Kaltengtoday.com, Palangka Raya – DPRD Kota Palangka Raya meminta pemerintah daerah meningkatkan pengawasan terhadap harga kebutuhan pokok menyusul kenaikan harga sejumlah komoditas, terutama minyak goreng bersubsidi MinyaKita dan bawang merah di pasaran.
Anggota Komisi II DPRD Kota Palangka Raya, H.M. Khemal Nasery, mengatakan fluktuasi harga dua komoditas tersebut perlu menjadi perhatian serius karena berpotensi mengurangi daya beli masyarakat, khususnya kelompok berpenghasilan rendah.
Menurutnya, pemerintah melalui instansi terkait harus melakukan pemantauan secara berkala untuk memastikan kenaikan harga tidak dipicu oleh praktik penimbunan maupun gangguan distribusi.
“Pengawasan harus diperketat agar kenaikan harga tetap terkendali dan masyarakat tidak semakin terbebani,” ujarnya, Selasa (20/1/2026).
Khemal menilai langkah antisipatif perlu dilakukan sejak dini, mulai dari pemantauan stok di tingkat distributor hingga pasar tradisional. Apabila ditemukan indikasi kelangkaan pasokan atau lonjakan harga yang tidak wajar, pemerintah diminta segera mengambil langkah stabilisasi melalui koordinasi dengan distributor maupun pelaksanaan operasi pasar apabila diperlukan.

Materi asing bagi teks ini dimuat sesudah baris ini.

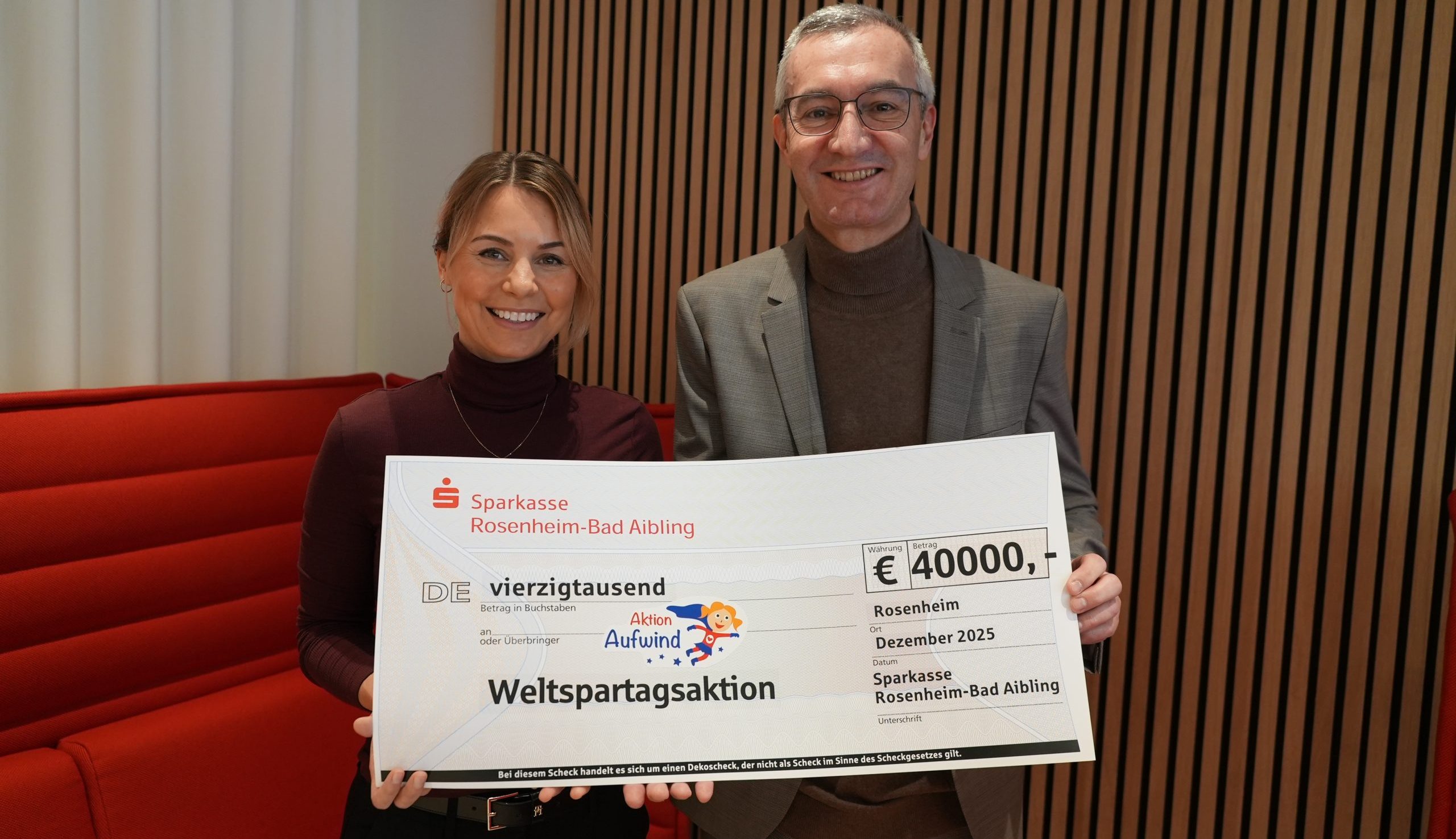 Rosenheim – Großzügige Unterstützung für Familien in der Region: Die Sparkasse Rosenheim-Bad Aibling hat im Rahmen der Weltsparwochen 40.000 Euro an die Aktion Aufwind gespendet. Mit der Summe werden Kinder und Jugendliche aus finanziell belasteten Familien schnell und unbürokratisch unterstützt.

Baca Juga : Dari Pantap ke Palangka Raya : Gugatan yang Belum Selesai di Halaman Pengadilan Tinggi
Ia juga mengingatkan pentingnya menjaga kelancaran rantai distribusi agar kebutuhan pokok tetap tersedia dengan harga yang wajar. Selain itu, informasi perkembangan harga di lapangan perlu disampaikan secara terbuka kepada masyarakat sehingga tidak memicu kepanikan saat berbelanja.
Di sisi lain, Khemal mengimbau masyarakat tetap berbelanja sesuai kebutuhan dan tidak melakukan pembelian dalam jumlah berlebihan yang justru dapat memengaruhi stabilitas pasokan.
DPRD berharap sinergi antara pemerintah daerah, pelaku usaha, dan instansi terkait mampu menjaga stabilitas harga kebutuhan pokok sehingga inflasi daerah tetap terkendali serta daya beli masyarakat dapat dipertahankan. Secara nasional, pada periode Januari 2026 harga MinyaKita memang sempat berada di atas harga eceran tertinggi (HET) di sejumlah daerah sehingga mendorong pemerintah memperkuat pengawasan distribusi dan harga.